*** DATA FOR THIS TASK ***
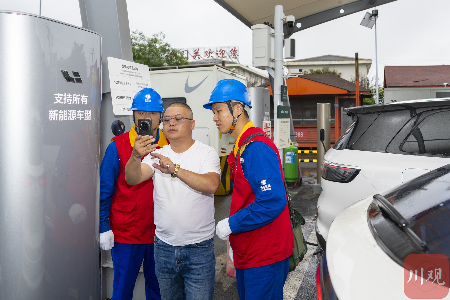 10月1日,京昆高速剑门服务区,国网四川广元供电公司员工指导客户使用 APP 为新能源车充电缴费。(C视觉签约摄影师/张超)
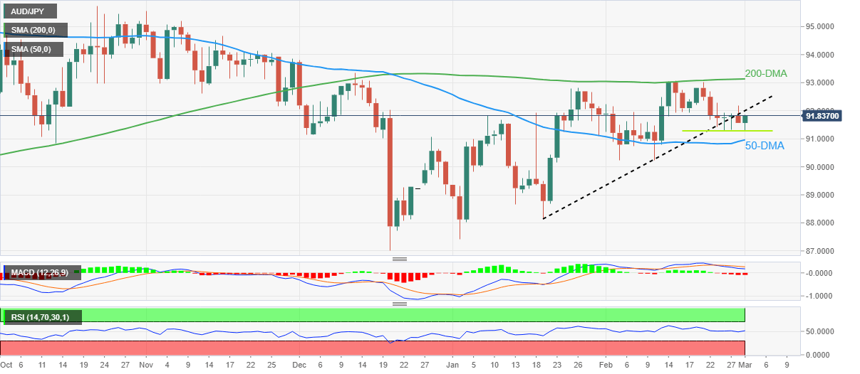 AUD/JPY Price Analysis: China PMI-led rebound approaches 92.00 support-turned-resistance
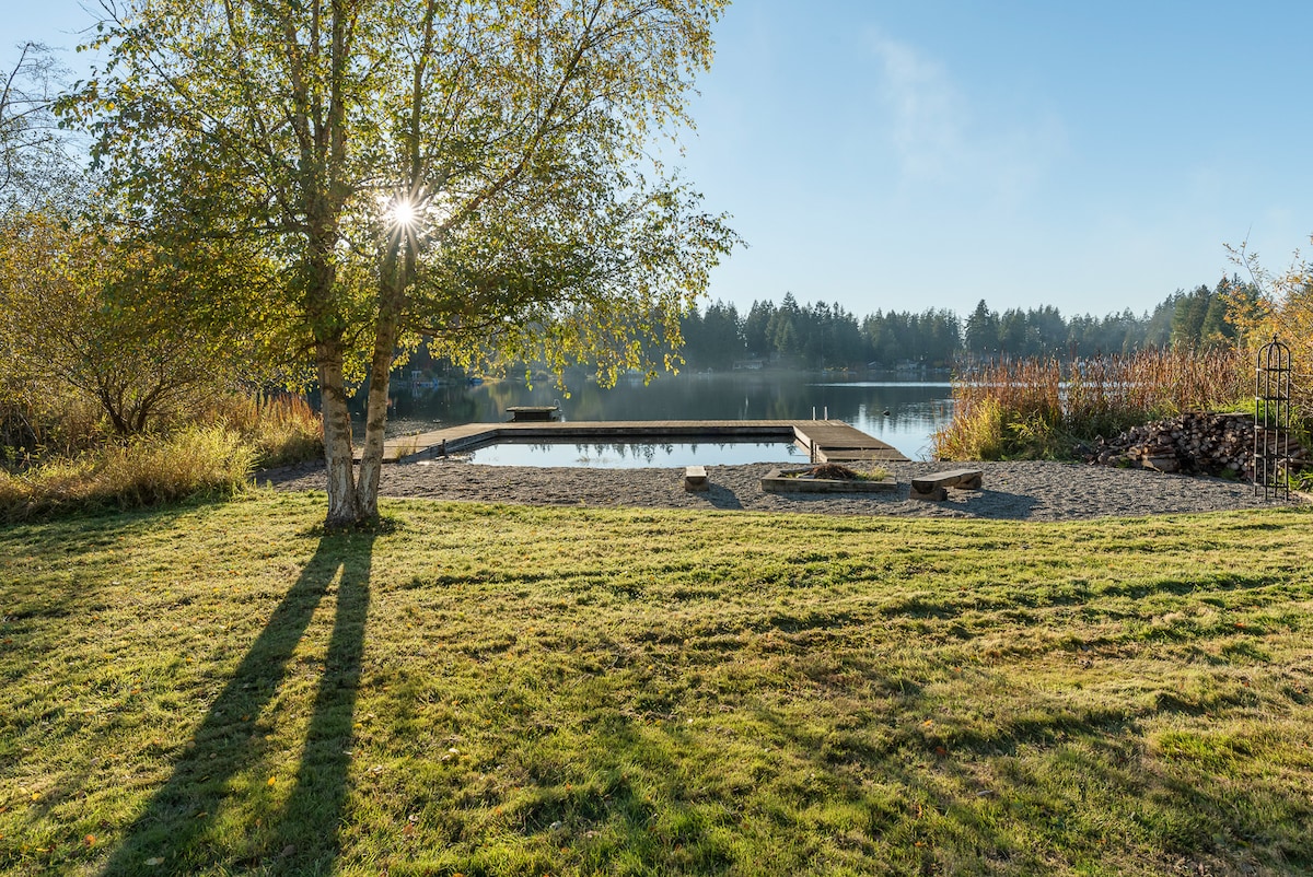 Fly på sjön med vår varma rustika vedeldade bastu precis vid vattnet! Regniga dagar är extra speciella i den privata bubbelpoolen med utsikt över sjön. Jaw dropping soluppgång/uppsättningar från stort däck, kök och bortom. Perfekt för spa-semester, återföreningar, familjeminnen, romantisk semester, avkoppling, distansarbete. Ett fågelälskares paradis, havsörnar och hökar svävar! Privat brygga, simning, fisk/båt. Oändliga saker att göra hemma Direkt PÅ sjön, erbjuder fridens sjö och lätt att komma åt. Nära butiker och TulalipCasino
*** End of DATA FOR THIS TASK ***
*** DATA FOR THIS TASK ***
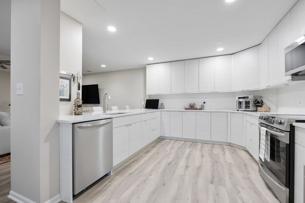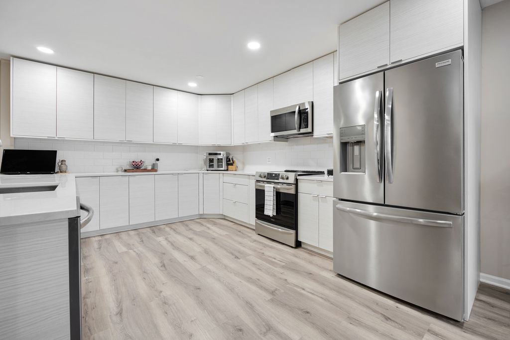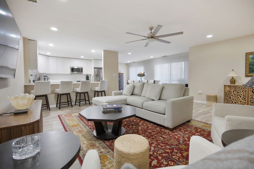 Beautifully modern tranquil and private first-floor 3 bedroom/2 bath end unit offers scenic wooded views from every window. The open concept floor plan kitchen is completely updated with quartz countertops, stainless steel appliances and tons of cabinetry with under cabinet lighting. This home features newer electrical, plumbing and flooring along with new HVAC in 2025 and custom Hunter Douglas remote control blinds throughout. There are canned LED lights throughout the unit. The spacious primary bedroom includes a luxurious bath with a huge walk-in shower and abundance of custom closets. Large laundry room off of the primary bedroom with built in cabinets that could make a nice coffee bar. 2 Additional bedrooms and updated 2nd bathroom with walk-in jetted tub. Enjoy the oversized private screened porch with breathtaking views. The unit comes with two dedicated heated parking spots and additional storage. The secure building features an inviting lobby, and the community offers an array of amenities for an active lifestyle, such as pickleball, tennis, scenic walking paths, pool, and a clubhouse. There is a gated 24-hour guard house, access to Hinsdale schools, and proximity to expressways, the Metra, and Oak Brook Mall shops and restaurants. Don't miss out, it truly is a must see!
*** End of DATA FOR THIS TASK ***
Transcribe only the lines above that start at the line containing "AUD/JPY Price Analysis: China" and end at the line containing "Fly på sjön". Omit pictures.

ANSWER –
 AUD/JPY Price Analysis: China PMI-led rebound approaches 92.00 support-turned-resistance
 Fly på sjön med vår varma rustika vedeldade bastu precis vid vattnet! Regniga dagar är extra speciella i den privata bubbelpoolen med utsikt över sjön. Jaw dropping soluppgång/uppsättningar från stort däck, kök och bortom. Perfekt för spa-semester, återföreningar, familjeminnen, romantisk semester, avkoppling, distansarbete. Ett fågelälskares paradis, havsörnar och hökar svävar! Privat brygga, simning, fisk/båt. Oändliga saker att göra hemma Direkt PÅ sjön, erbjuder fridens sjö och lätt att komma åt. Nära butiker och TulalipCasino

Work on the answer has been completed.